■ **TASK DIRECTIONS**
Images are to be omitted, and the rest of the records reproduced exactly.

■ **Records drawn from a dataset**

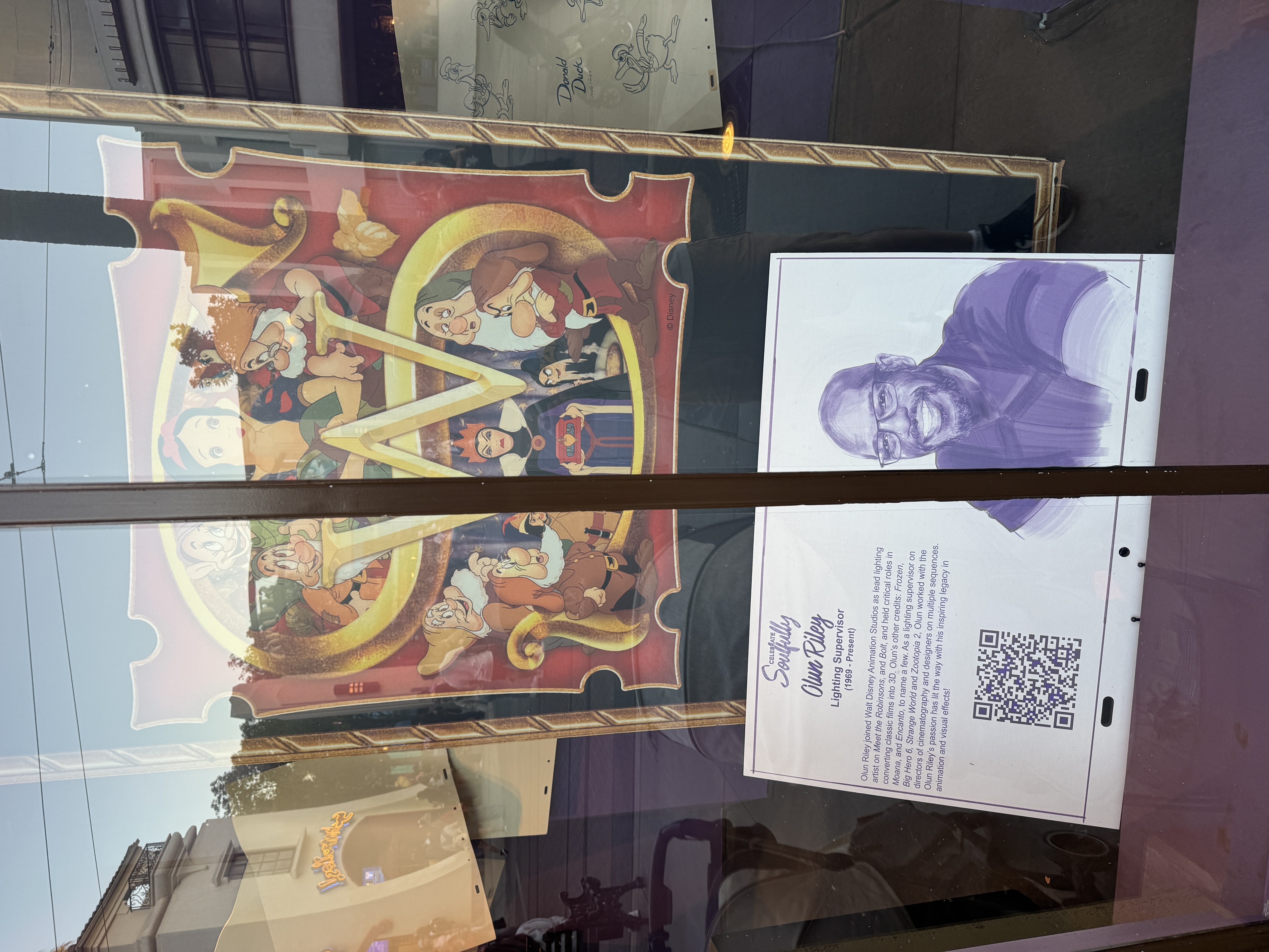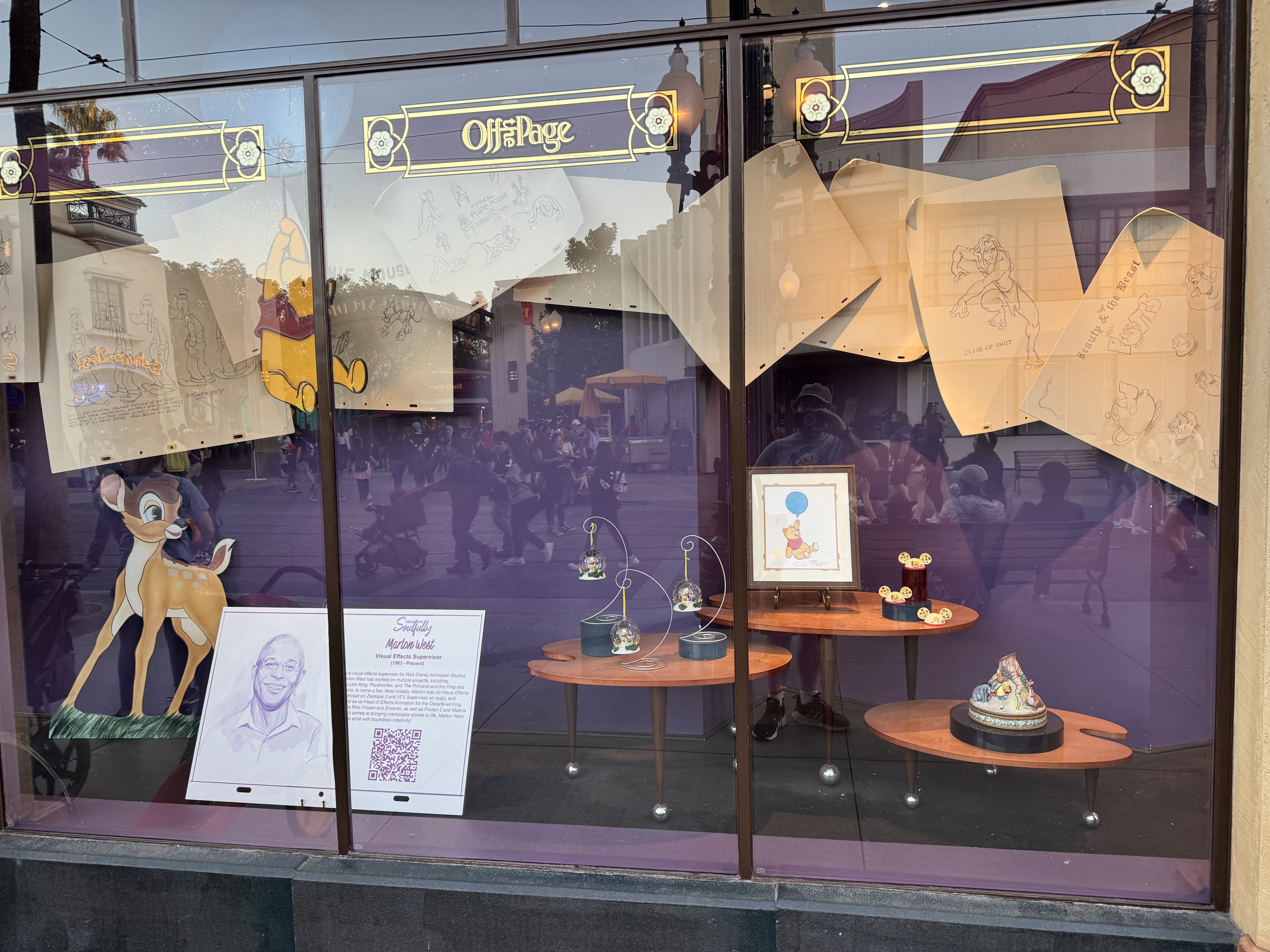A window dedicated to Disney's first Black animator, Ron Husband, was being prepared during our visit. Some of Ron's sketches of characters such as Gaston are displayed in the window, but it has yet to receive any dedication to Ron himself.
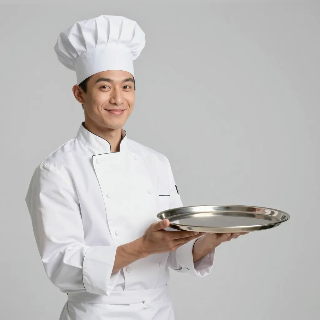 A chef in a crisp white uniform holds a polished silver platter, set against a neutral gray background. Soft, even lighting highlights the chef and platter, creating a professional and inviting atmosphere.
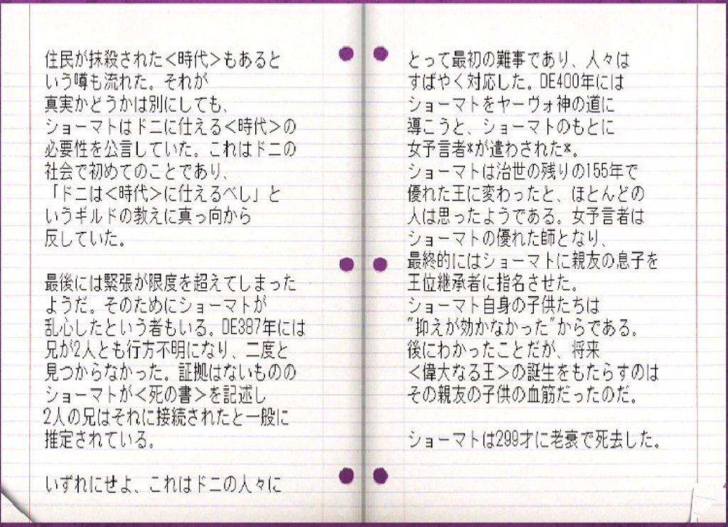 ・・・ショーマトは、ドニ時代300年に44才で即位した。戴冠式の時点までは記述者ギルドに属していた。ショーマトは戴冠式の後も・・・
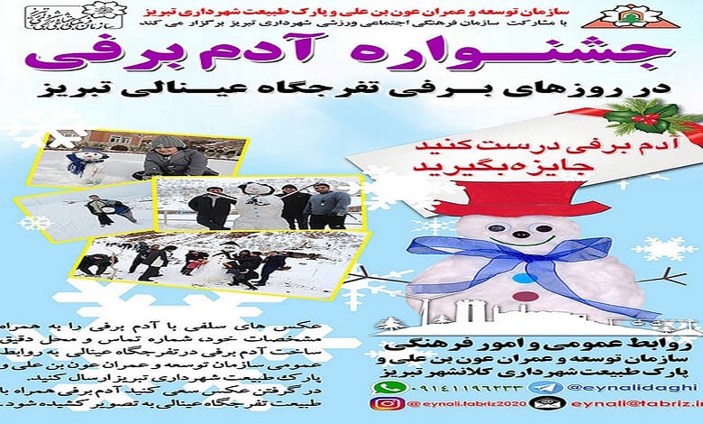 عکسهای سلفی با آدم برفی به همراه مشخصات خود، شماره تماس و محل دقیق ساخت آدم برفی در تفرجگاه عینالی به روابط عمومی سازمان توسعه و عمران عون بن علی و پارک طبیعت شهرداری تبریز ارسال شود.
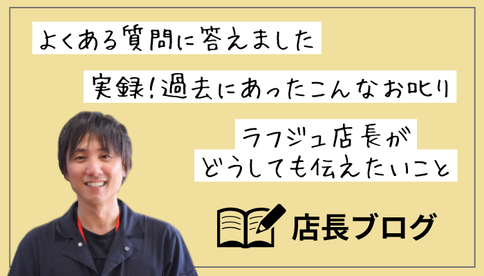 お客様から寄せられたさまざまな疑問、そして時にお𠮟りの声に、ラフジュ店長自ら答えるコンテンツです。店長だからこそ語れる、ラフジュ工房のあれやこれが聞けるかも…?

■ **ANSWER BOX**
A window dedicated to Disney's first Black animator, Ron Husband, was being prepared during our visit. Some of Ron's sketches of characters such as Gaston are displayed in the window, but it has yet to receive any dedication to Ron himself.
 A chef in a crisp white uniform holds a polished silver platter, set against a neutral gray background. Soft, even lighting highlights the chef and platter, creating a professional and inviting atmosphere.
 ・・・ショーマトは、ドニ時代300年に44才で即位した。戴冠式の時点までは記述者ギルドに属していた。ショーマトは戴冠式の後も・・・
 عکسهای سلفی با آدم برفی به همراه مشخصات خود، شماره تماس و محل دقیق ساخت آدم برفی در تفرجگاه عینالی به روابط عمومی سازمان توسعه و عمران عون بن علی و پارک طبیعت شهرداری تبریز ارسال شود.
 お客様から寄せられたさまざまな疑問、そして時にお𠮟りの声に、ラフジュ店長自ら答えるコンテンツです。店長だからこそ語れる、ラフジュ工房のあれやこれが聞けるかも…?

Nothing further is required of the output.